Other credential providers: --credential-type bitwarden --bitwarden-item-id "...", --credential-type 1password --onepassword-vault-id "..." --onepassword-item-id "...", --credential-type azure_vault --azure-vault-name "..." --azure-vault-username-key "...".

Security rules

NEVER type passwords through skyvern browser type.
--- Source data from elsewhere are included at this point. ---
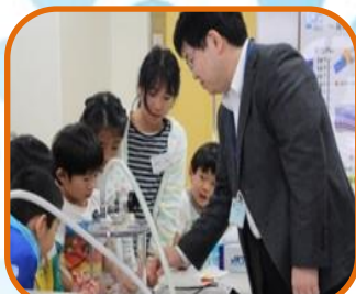
アルミ蒸着による鏡
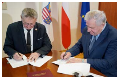
W Oblęgorku powstanie Centrum Opiekuńczo-Mieszkalne. Umowa z wykonawcą już podpisana!
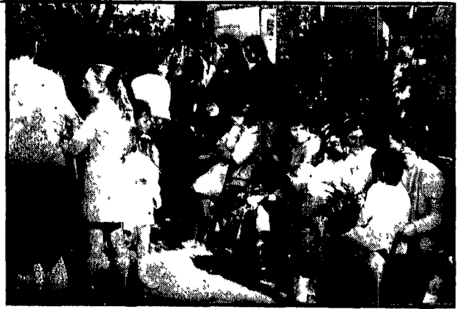
Numerose manifestazioni di protesta si sono svolte ieri per il caos nelle scuole, come alla Magliana (foto a sinistra) e alla borgata Cinquina (foto a destra)

Inizio nel segno della confusione — Lezione solo per un quarto degli scolari e degli studenti romani — Aule nuove ma senza banchi e scuole che dovevano essere pronte e ancora non lo sono — Le cimici in un prefabbricato del Tufello — A Nuova Magliana le madri hanno raccolto le iscrizioni per la materna — Una scuola-fantasma a Romanina il Comune giura che c'è ma non è vero — Proteste ad Aguzzano e a Massimina
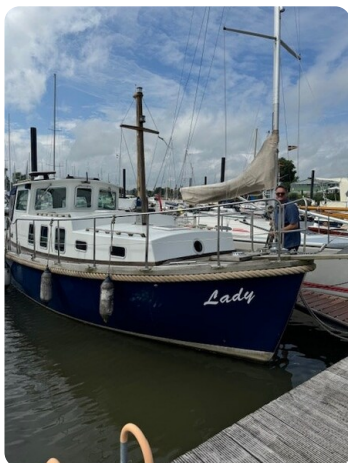
Spitzgatt Kutter Lady

Always use skyvern browser login.
Use skyvern credentials add to create credentials (interactive stdin input).
Reuse authenticated sessions for multi-step jobs on the same site.

Pattern 6: Workflows

Workflows are reusable, parameterized multi-step automations.

Create from file

# Create from a YAML or JSON file
skyvern workflow create --definition @workflow.yaml

# Create from inline JSON
skyvern workflow create --definition '{"title":"My Workflow","workflow_definition":{"parameters":[],"blocks":[{"block_type":"navigation","label":"step1","url":"https://example.com","navigation_goal":"Click the pricing link"}]}}'

# Specify format explicitly
skyvern workflow create --definition @workflow.json --format json

Run a workflow

# Basic run
skyvern workflow run --id wpid_123

# With parameters (inline JSON or @file)
skyvern workflow run --id wpid_123 --params '{"email":"user@co.com","name":"John"}'
skyvern workflow run --id wpid_123 --params @params.json

# Wait for completion
skyvern workflow run --id wpid_123 --wait --timeout 600

# With proxy and webhook
skyvern workflow run --id wpid_123 --proxy RESIDENTIAL --webhook "https://hooks.example.com/done"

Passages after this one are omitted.